Consul, a distributed key-value store using Raft consensus, was the initial solution. However, it operated a single cluster in the US-East (IAD) region. Every other global region—Tokyo, London, etc.—had to pull data from this central cluster, introducing latency. The team used consul-templaterb to update a JSON file that the proxy read, but as traffic grew, deserializing and loading this file became unwieldy.

The next iteration, attache, ran on every node. It pulled from the central Consul API and wrote to a local SQLite database. While this eliminated JSON parsing, it created a bandwidth storm: 800+ nodes simultaneously pulling the same data from a single source. The problem wasn't solved; it was just moved.

Corrosion: A Gossip-Based Architecture

Corrosion was built to decouple state replication from any central authority. It is a distributed system that replicates SQLite data across nodes using a gossip protocol for dissemination and CRDTs for conflict resolution.

Core Components:

CR-SQLite: Corrosion is built on CR-SQLite, an extension that brings conflict-free replicated data types to SQLite. It tracks changes at the column level using version numbers rather than timestamps.
Foca (SWIM Protocol): Cluster membership is managed via Foca, which implements the SWIM protocol. This handles node discovery, failure detection, and membership updates.
QUIC Transport: Replication happens over QUIC, not TCP or raw UDP, providing reliable, low-latency transport.

How CR-SQLite Resolves Conflicts

CR-SQLite avoids the complexity of distributed timestamps by tracking state changes per column. Every table in a Corrosion-managed database has an internal crsql_changes table. When a row is modified, the column version increments.

When nodes sync, they compare these versions.
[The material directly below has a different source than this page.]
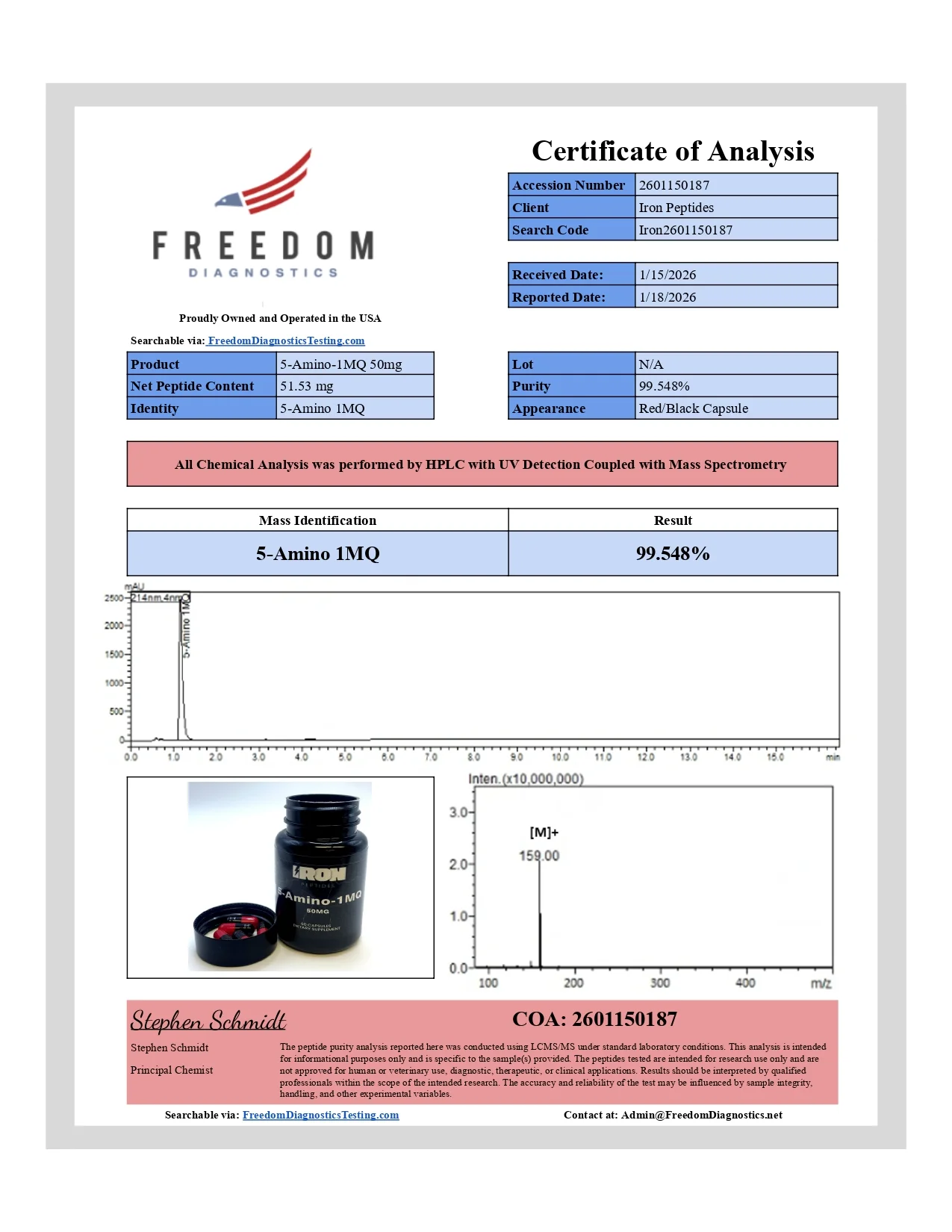 Each capsule contains 50 mg of 5-Amino-1MQ.

The algorithm resolves conflicts deterministically:

Causal Length: First, it checks if a row has been deleted and resurrected (even causal length) versus a live row (odd causal length). Resurrected rows win.
Column Version: Higher versions win.
Value Comparison: If versions are identical, the actual value is compared (e.g., higher integers win).
Site ID: Finally, the node's unique Site ID acts as a tiebreaker.

This ensures that regardless of the order in which changes arrive, all replicas eventually converge to the same state.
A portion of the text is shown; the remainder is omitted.